They clean our bathrooms, pick up our trash and maintain the appearance of the campus. They are the UT facilities workers.

Facility services is a broad department that includes building, landscape and lock and key services on a campus with more than 260 buildings, 556 acres and 33 miles of sidewalks and plazas.

Josh Smyser is a facility services worker who cleans the Stokely Management Center. Smyser has been employed by the university for a little over a year.

"It's a decent job," Smyser said, "but it could be better."

According to Smyser, there are three major issues with the job; the wages, the employee evaluation system and the mistreatment of workers by supervisors.

Based on a UT Faculty Senate study conducted for the 2010-11 academic year, a "living wage" is around $9 an hour, or $25,000 per year. The study defined a living wage as one that is "sufficient to pay for the basic bare-bones needs of a family living in today's America without having to resort to public benefits, crime or private charity."

The present base pay for UT facilities workers is $8.50 an hour.

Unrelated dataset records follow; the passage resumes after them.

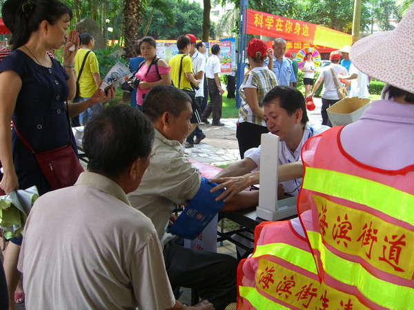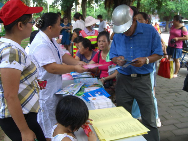 现场张挂的科普知识挂图,以及大量发放的用通俗易懂的科普资 料, 让社区居民们轻松地接受了一系列的科普知识。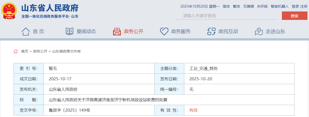 山东省人民政府网站发布《山东省人民政府关于济微高速济南至济宁新机场段设站收费的批复》。全文如下: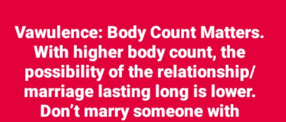 “Vawulence: Body Count Matters. With higher body count, the possibility of the relationship/marriage lasting long is lower.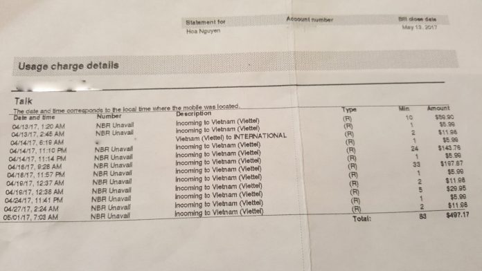 Nhận được hóa đơn điện thoại Tháng Năm, 2017, với số tiền tăng thêm hơn $500 so với mức bình thường, ông Hòa Nguyễn muốn “té xỉu.”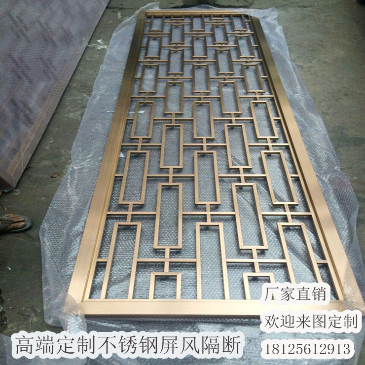 钛金不锈钢屏风,不锈钢锆金色屏风隔断,拉丝古铜色中式屏风,简约田园屏风花格镂空,欧式雕花屏风。不锈钢屏风隔断的形式多种多样,简约卧室的隔断,欧式花格屏风隔屏,繁复精致的造型,赢得更多中式豪华装修和欧式装修设计师们的喜爱。

"I'm single, so it's a little easier for me to live on that salary," Smyser said. "But I know people who have families to support and they really struggle."

In order for facility workers to receive more than the base pay, they must score well on evaluations conducted by their supervisor.

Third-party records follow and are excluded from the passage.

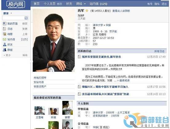 “目前,校内网已经开通国内大学3000所,海外大学1000所,高中8000所,覆盖了国内80%的大学市场,拥有两届大学毕业生,众多的大学生及大学毕业生都是潜在的白领用户,其中将有70%—80%的人毕业后进入大型公司企业成为白领,转入校内网白领网络,并将很大程度的带动身边的白领参加进来”千橡集团CEO陈一舟说。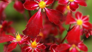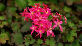 桃赤色の縁取りで中心部は白く抜ける底白咲き整形花。開花期 9-11月 冬季 落葉 日当たり 日陰 耐寒性 強 水やり 多め 施肥 春・秋に油粕肥料、生育時に有機液肥を2週間に1回程度 用土 山野草の土/基本培養土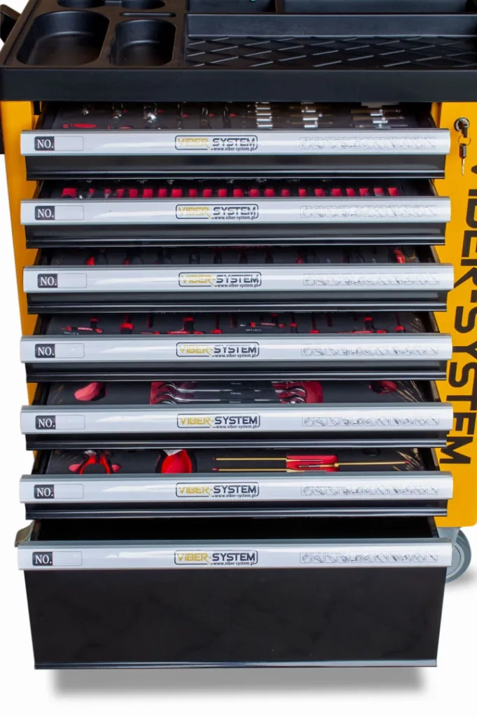 SZAFKA NARZĘDZIOWA SERWISOWA, WÓZEK NARZĘDZIOWY VIBER-SYSTEM SZN259 Z WYPOSAŻENIEM 258 ELEMENTÓW.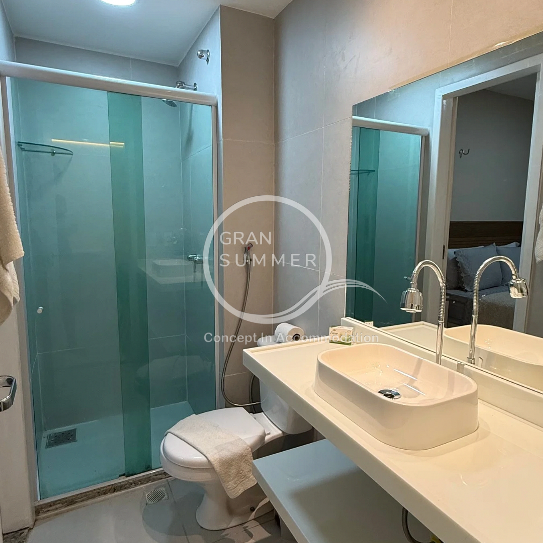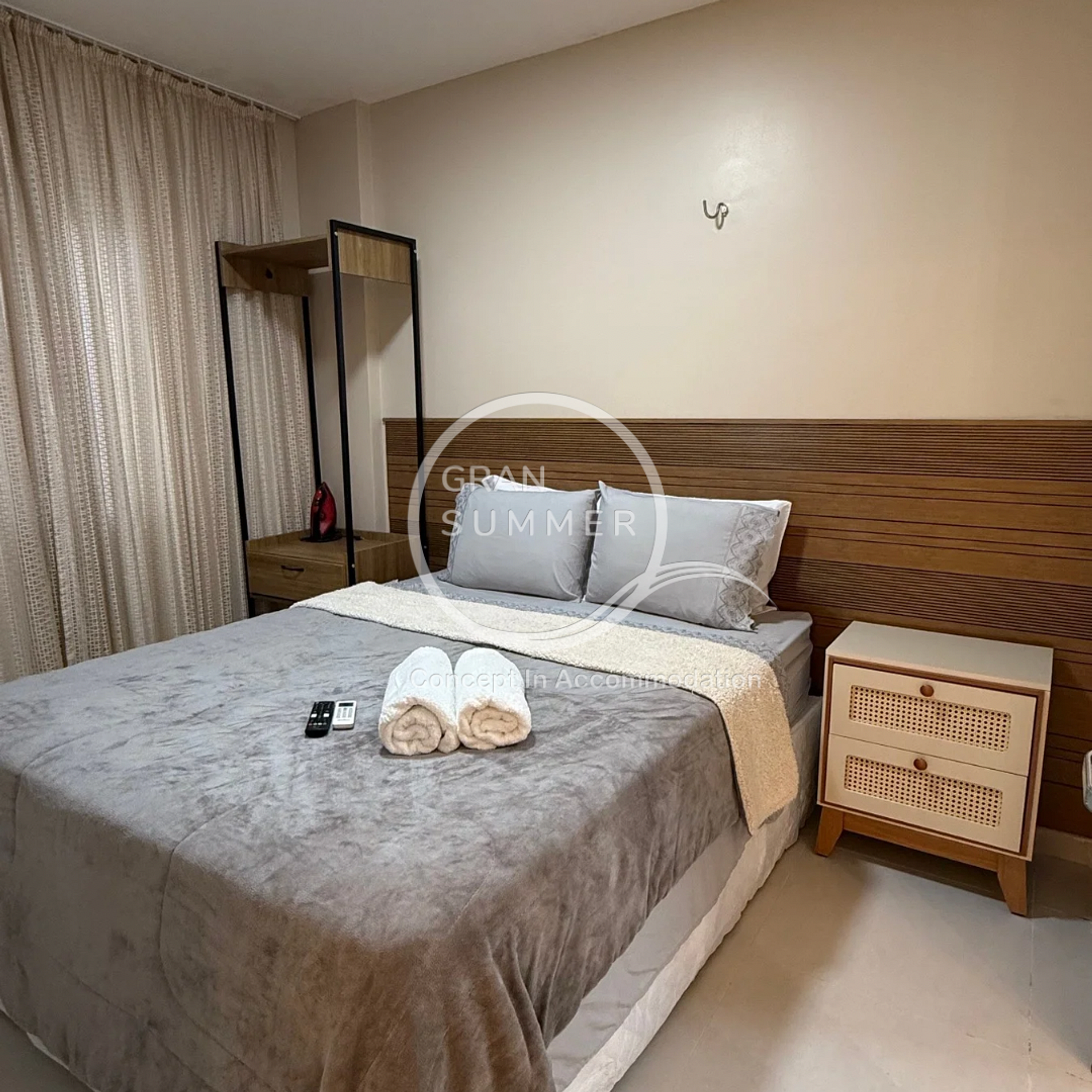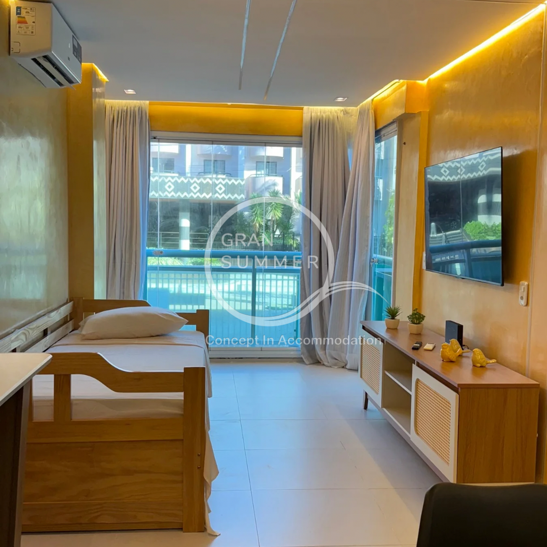 Apartamento completo, equipado com cozinha e utensílios, 01 QUARTO, 01 cama Queen, armário para roupa, 02 centrais de ar condicionado, espaço para refeições,01 banheiro, lençóis 400 fios para maior conforto na hora do descanso dos nossos hóspedes, nossas Smart tv's com qualidade 4K e telas 43'' e 50'', 01 Bicama, 01 geladeira, 01 fogão, 01 micro-ondas, 01 máquina de lavar, armários de cozinha, mercadinho 24h. Acomoda até 04 pessoas.
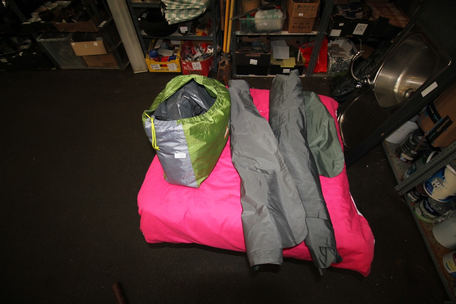 Shelf of camping items inc two inflatable lightweight air mattresses and a Soul 300 tent

"The current push is to make all pay raises performance-based rather than across the board increases," said Janet Miles, vice president of the United Campus Workers Knoxville chapter. "This means that a poor performance evaluation has a direct negative effect on an employee."

The reasoning behind this type of system seems sound, Miles said, but there are issues with the way employees are assessed that make evaluations arbitrary and inaccurate.

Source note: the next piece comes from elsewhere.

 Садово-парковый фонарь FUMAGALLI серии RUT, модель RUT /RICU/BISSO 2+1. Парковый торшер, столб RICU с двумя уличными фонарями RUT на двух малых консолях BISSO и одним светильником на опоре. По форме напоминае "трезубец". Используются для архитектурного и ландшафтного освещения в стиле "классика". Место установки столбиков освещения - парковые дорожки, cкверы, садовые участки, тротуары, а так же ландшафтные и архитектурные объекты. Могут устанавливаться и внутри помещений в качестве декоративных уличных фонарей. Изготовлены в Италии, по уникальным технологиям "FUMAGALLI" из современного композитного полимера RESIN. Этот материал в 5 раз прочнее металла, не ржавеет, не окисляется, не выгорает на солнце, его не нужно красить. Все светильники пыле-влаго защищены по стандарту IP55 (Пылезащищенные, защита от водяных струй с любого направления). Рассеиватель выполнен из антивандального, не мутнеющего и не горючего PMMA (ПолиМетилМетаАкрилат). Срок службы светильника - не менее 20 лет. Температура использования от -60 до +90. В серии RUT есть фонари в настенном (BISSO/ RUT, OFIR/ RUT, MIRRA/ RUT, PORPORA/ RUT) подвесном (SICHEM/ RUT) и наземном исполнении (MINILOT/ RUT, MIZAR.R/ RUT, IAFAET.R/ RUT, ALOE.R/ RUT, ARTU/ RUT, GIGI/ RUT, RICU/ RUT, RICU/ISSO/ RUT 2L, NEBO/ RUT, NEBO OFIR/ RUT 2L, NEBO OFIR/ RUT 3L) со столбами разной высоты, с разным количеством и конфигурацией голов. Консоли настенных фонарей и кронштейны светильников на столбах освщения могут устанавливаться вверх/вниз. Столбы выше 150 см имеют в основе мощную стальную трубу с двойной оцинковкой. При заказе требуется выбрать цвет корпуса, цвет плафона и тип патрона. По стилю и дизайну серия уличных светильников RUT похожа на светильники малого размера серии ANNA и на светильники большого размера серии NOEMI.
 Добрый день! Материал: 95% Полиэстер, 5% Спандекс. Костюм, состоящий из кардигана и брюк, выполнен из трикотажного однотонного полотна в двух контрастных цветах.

"There is no consistent system-wide process for writing performance evaluations," Miles said. "There is training for it, but it is entirely optional."

Poorly-conducted evaluations by supervisors are frequent occurrences, Smyser said, adding that the assessments are "pretty much a joke."

"Someone I know had a supervisor write on their evaluation that they were not a 'team player' and so they were marked poorly on that section," he said. "It made no sense because that man works by himself in a building. Now he won't be able to get a raise."

A lack of supervisory training can lead to substandard leadership skills, Smyser said.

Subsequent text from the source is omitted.